WHAT IS NEEDED:
Give the lines again exactly as they appear below, from the line with "Auf dieser Marke" to the line with "La façade de", both included, and only those lines. Leave every picture out.

SOURCE DATA:

┄┄┄┄┄┄

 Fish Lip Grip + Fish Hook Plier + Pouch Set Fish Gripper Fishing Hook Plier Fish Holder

┄┄┄┄┄┄

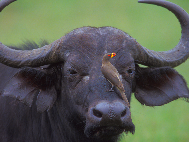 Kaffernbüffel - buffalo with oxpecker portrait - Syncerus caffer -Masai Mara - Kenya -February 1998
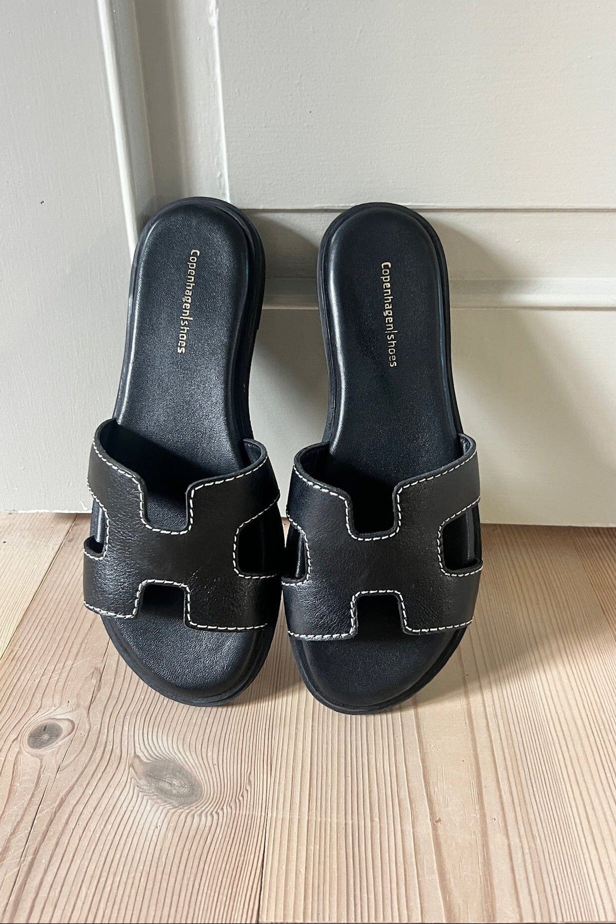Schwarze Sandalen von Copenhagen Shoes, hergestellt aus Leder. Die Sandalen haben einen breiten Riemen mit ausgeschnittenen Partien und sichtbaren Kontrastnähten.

┄┄┄┄┄┄

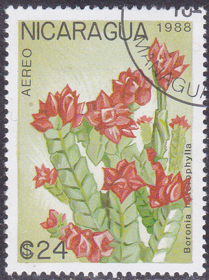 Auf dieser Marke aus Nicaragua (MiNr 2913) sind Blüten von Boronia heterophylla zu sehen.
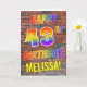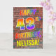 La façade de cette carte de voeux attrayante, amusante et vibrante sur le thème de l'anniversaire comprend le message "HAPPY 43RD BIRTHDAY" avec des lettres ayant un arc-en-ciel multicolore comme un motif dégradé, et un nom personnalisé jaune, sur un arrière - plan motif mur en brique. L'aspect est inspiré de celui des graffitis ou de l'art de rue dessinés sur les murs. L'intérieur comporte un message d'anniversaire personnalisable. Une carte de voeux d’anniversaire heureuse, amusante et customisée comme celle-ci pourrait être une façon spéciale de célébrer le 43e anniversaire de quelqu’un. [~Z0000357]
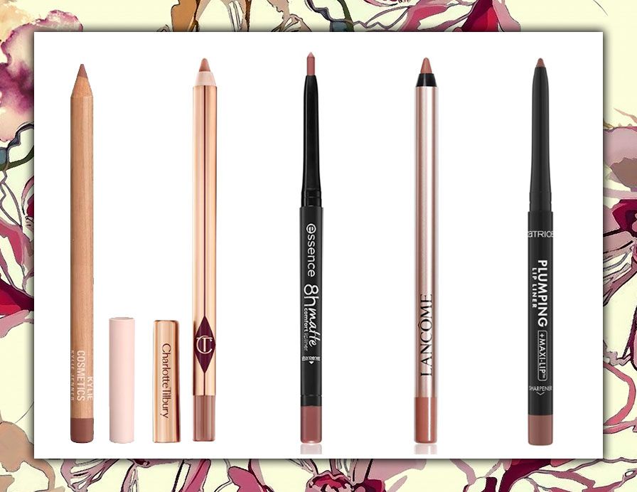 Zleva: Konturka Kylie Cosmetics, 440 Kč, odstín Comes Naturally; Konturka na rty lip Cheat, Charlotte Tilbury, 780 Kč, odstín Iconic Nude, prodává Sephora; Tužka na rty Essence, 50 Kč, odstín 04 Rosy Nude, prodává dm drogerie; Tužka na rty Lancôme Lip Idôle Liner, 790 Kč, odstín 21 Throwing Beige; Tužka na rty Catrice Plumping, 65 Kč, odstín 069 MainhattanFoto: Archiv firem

┄┄┄┄┄┄

EXERCISE SOLUTION:
 Auf dieser Marke aus Nicaragua (MiNr 2913) sind Blüten von Boronia heterophylla zu sehen.
 La façade de cette carte de voeux attrayante, amusante et vibrante sur le thème de l'anniversaire comprend le message "HAPPY 43RD BIRTHDAY" avec des lettres ayant un arc-en-ciel multicolore comme un motif dégradé, et un nom personnalisé jaune, sur un arrière - plan motif mur en brique. L'aspect est inspiré de celui des graffitis ou de l'art de rue dessinés sur les murs. L'intérieur comporte un message d'anniversaire personnalisable. Une carte de voeux d’anniversaire heureuse, amusante et customisée comme celle-ci pourrait être une façon spéciale de célébrer le 43e anniversaire de quelqu’un. [~Z0000357]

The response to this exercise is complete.